Al estilo de los Septetos y Sextetos

Mi formación en esa asignatura, el son tradicional al estilo de los Septetos y Sextetos, estaba completa a fines de 1991. Y ello incluía otras figuras y géneros musicales que nos identifican.

Pasaron los años y perdí la ruta de aquellos hombres. La selección natural hizo lo suyo y a excepción de Embale muchos de ellos pasaron a ser parte de la leyenda de la música cubana y sus nombres quedaron en el olvido; hasta que un buen día me reencontré con el Septeto Nacional.

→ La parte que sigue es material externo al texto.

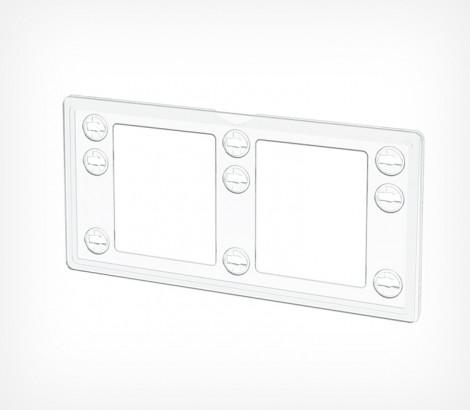 Универсальная рамка-ценникодержатель с девятью гнездами крепления рамки на разных уровнях относительно полки. Прорезь для рамки по широкой стороне рамки.

Debo confesar que mi primera reacción fue de desconfianza. Era lógico, ahora se escuchaba otra música, que aunque se decía heredera de aquella tenía y mostraba otros patrones; les otorgué el beneficio de la duda mientras les observaba colocarse en escena. Ya no vestían a la usanza de una época lejana.

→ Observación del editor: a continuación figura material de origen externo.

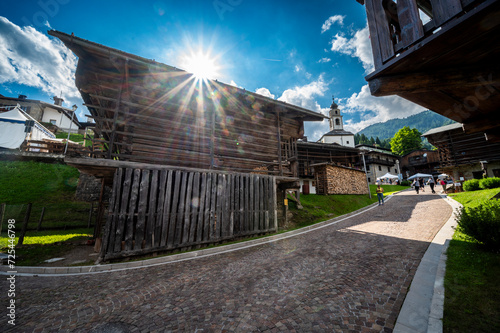 Obraz premium Sauris, pearl of Carnia. Ancient village with wooden and stone houses.

Nada había cambiado a no ser sus integrantes. Mantenía el mismo sonido, el mismo repertorio fundamentalmente. Era como si el tiempo se hubiera detenido y lo más interesante: no sonaban a música antigua. Era difícil de creer o entender pero era un hecho cierto: había y hay Septeto Nacional para rato.

El más sublime

Su director era ahora el bongosero Frank Oropesa, conocido como “el matador”, me esbozó una larga sonrisa al terminar aquel concierto y haber visto desde su posición privilegiada en el escenario en mi cara la viva expresión de la desconfianza prístina. Han pasado veinte y cuatro años de aquella tarde en un espacio en La Habana Vieja donde se presentaban y aún en mi memoria resuenan sus palabras al final de nuestra primera charla: “…somos el más sublime y el más universal… no te olvides de eso nunca…”

Debe ser por esa razón que aún me memoria recrea la voz de Carlos Embale cuando en mi soledad doméstica repaso mi vida y escribo estas líneas y escucho por milésima vez su frase lapidaria: “… avísale a tu vecina que aquí estoy yo…”

Es el Septeto Nacional, no os asombréis de nada.